To improve Multi-step Mathematical Reasoning (MsMR) of Large Language Models (LLMs), it is crucial to obtain scalable supervision from the corpus by automatically critiquing mistakes in the reasoning process of MsMR and rendering a final verdict of the problem-solution. Most existing methods rely on crafting high-quality supervised fine-tuning demonstrations for critiquing capability enhancement and pay little attention to delving into the underlying reason for the poor critiquing performance of LLMs. In this paper, we orthogonally quantify and investigate the potential reason -- imbalanced evaluation preference, and conduct a statistical preference analysis. Motivated by the analysis of the reason, a novel perplexity-aware reinforcement learning algorithm is proposed to rectify the evaluation preference, elevating the critiquing capability. Specifically, to probe into LLMs' critiquing characteristics, a One-to-many Problem-Solution (OPS) benchmark is meticulously constructed to quantify the behavior difference of LLMs when evaluating the problem solutions generated by itself and others. Then, to investigate the behavior difference in depth, we conduct a statistical preference analysis oriented on perplexity and find an intriguing phenomenon -- ``LLMs incline to judge solutions with lower perplexity as correct'', which is dubbed as \textit{imbalanced evaluation preference}. To rectify this preference, we regard perplexity as the baton in the algorithm of Group Relative Policy Optimization, supporting the LLMs to explore trajectories that judge lower perplexity as wrong and higher perplexity as correct. Extensive experimental results on our built OPS and existing available critic benchmarks demonstrate the validity of our method.

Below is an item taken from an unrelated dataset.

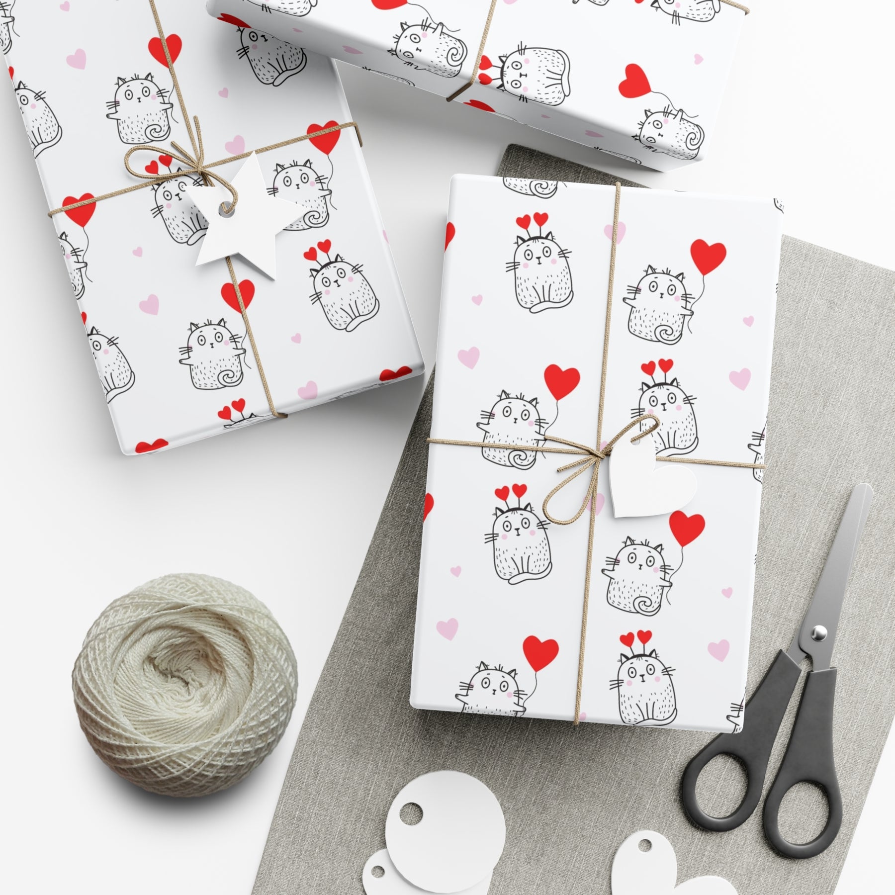 Don't just give a gift, give a gift that will make your loved ones' hearts flutter with affection and joy. Our Love-Struck Kitty Gift Wrap is the perfect way to show your affection and appreciation for that special someone. Whether it's for your significant other, family member, or friend, this gift wrap will make every present feel like it's been delivered with a warm hug and a soft purr.
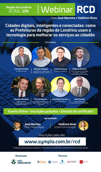 As inscrições para o Webinar das Cidades Digitais da Região de Londrina são gratuitas para servidores públicos e representantes de entidades/universidades e devem ser feitas pelo http://sympla.com.br/rcd. O evento tem a parceria da S. Clara Comunicação, ClipEscola, Sigma Telecom, Furukawa e IPM Sistemas.

翻译：为提升大语言模型（LLMs）的多步数学推理（MsMR）能力，关键在于从语料库中获取可扩展的监督，即自动评判MsMR推理过程中的错误并对问题解决方案给出最终判定。现有方法大多依赖构建高质量的监督微调样本来增强评判能力，而较少深入探究LLMs评判性能不佳的根本原因。本文正交地量化并研究了潜在原因——不平衡的评估偏好，并进行了统计偏好分析。基于该原因的分析，我们提出了一种新颖的困惑度感知强化学习算法来修正评估偏好，从而提升评判能力。具体而言，为探究LLMs的评判特性，我们精心构建了一个“一对多问题-解决方案”（OPS）基准，以量化LLMs在评估自身生成与他人生成的问题解决方案时的行为差异。随后，为深入探究该行为差异，我们进行了面向困惑度的统计偏好分析，发现了一个有趣现象——“LLMs倾向于将困惑度较低的解决方案判定为正确”，这被称为\textit{不平衡评估偏好}。为修正此偏好，我们将困惑度视为“指挥棒”融入分组相对策略优化算法中，引导LLMs探索将低困惑度方案判为错误、高困惑度方案判为正确的轨迹。在我们构建的OPS基准及现有可用的评判基准上的大量实验结果验证了本方法的有效性。